Task material
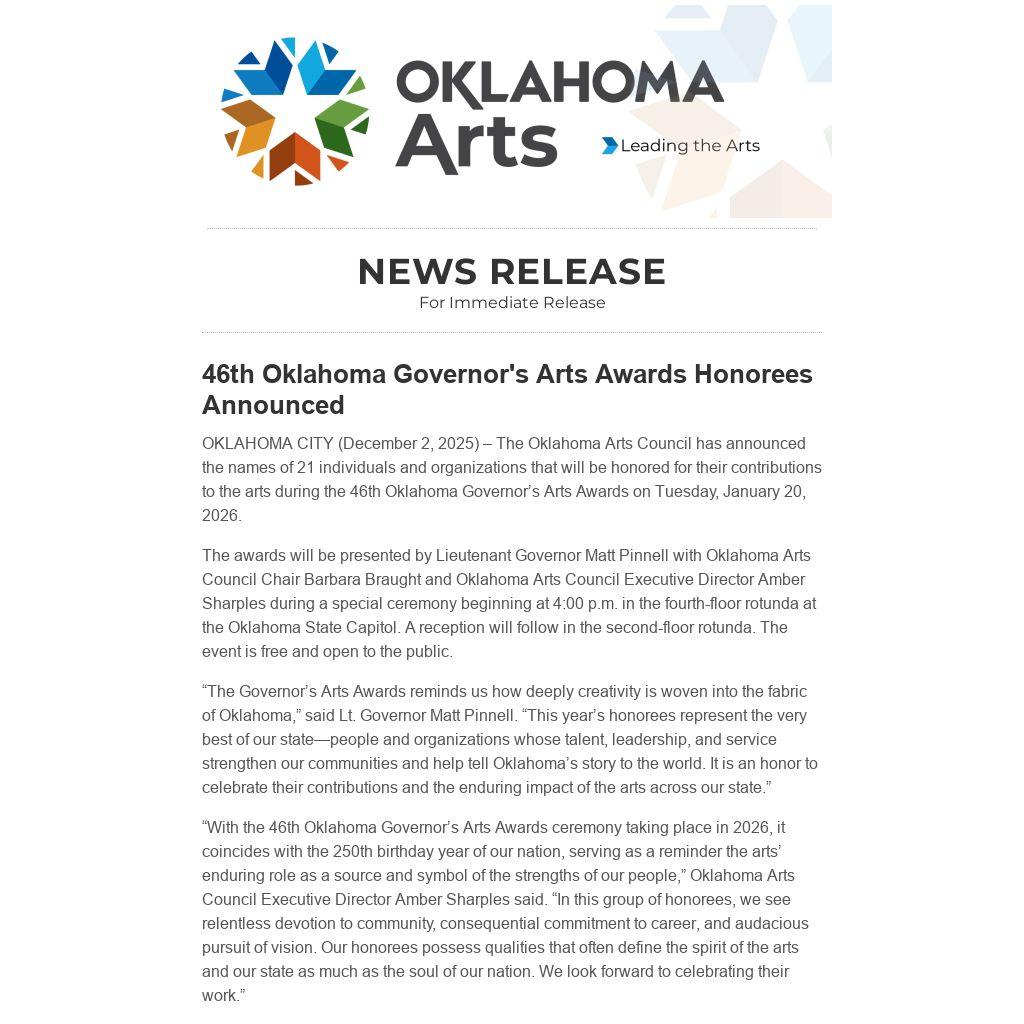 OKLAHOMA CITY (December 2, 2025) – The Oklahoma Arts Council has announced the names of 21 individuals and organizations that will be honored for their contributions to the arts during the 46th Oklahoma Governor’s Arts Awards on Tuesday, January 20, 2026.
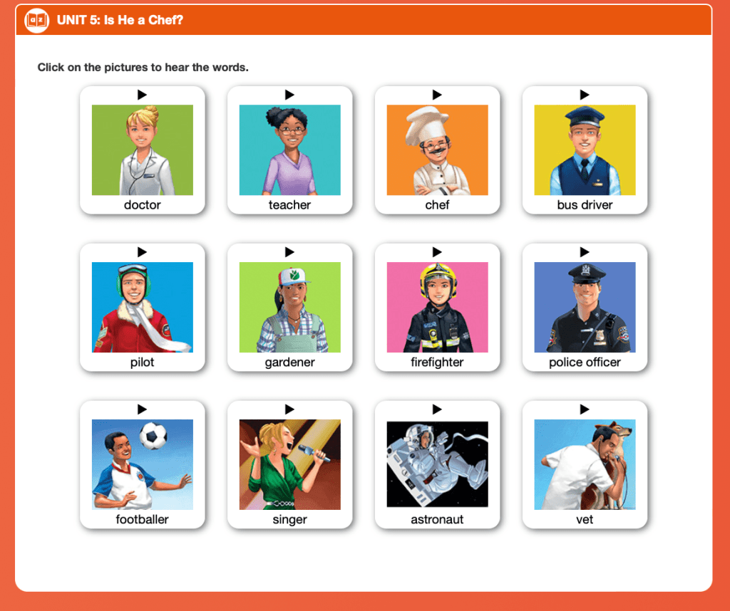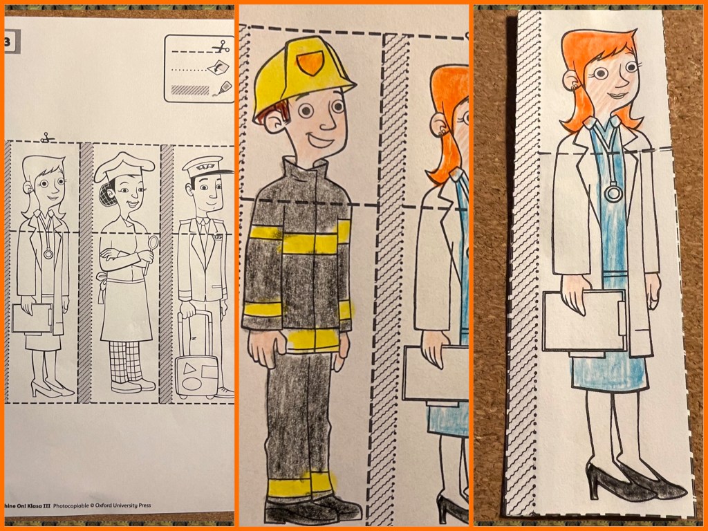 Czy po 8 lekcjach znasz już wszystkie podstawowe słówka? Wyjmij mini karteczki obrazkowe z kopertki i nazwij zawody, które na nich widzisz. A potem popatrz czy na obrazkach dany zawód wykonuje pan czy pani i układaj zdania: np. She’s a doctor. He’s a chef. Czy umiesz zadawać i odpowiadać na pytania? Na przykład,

...

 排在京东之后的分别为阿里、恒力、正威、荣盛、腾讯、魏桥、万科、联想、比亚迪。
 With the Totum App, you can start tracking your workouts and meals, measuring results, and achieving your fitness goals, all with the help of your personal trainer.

Task to complete
The copy should hold exactly the lines above from the one with "OKLAHOMA CITY (December" through the one with "Czy po 8 lekcjach", both ends counted, and no pictures at all.

Written answer
 OKLAHOMA CITY (December 2, 2025) – The Oklahoma Arts Council has announced the names of 21 individuals and organizations that will be honored for their contributions to the arts during the 46th Oklahoma Governor’s Arts Awards on Tuesday, January 20, 2026.
 Czy po 8 lekcjach znasz już wszystkie podstawowe słówka? Wyjmij mini karteczki obrazkowe z kopertki i nazwij zawody, które na nich widzisz. A potem popatrz czy na obrazkach dany zawód wykonuje pan czy pani i układaj zdania: np. She’s a doctor. He’s a chef. Czy umiesz zadawać i odpowiadać na pytania? Na przykład,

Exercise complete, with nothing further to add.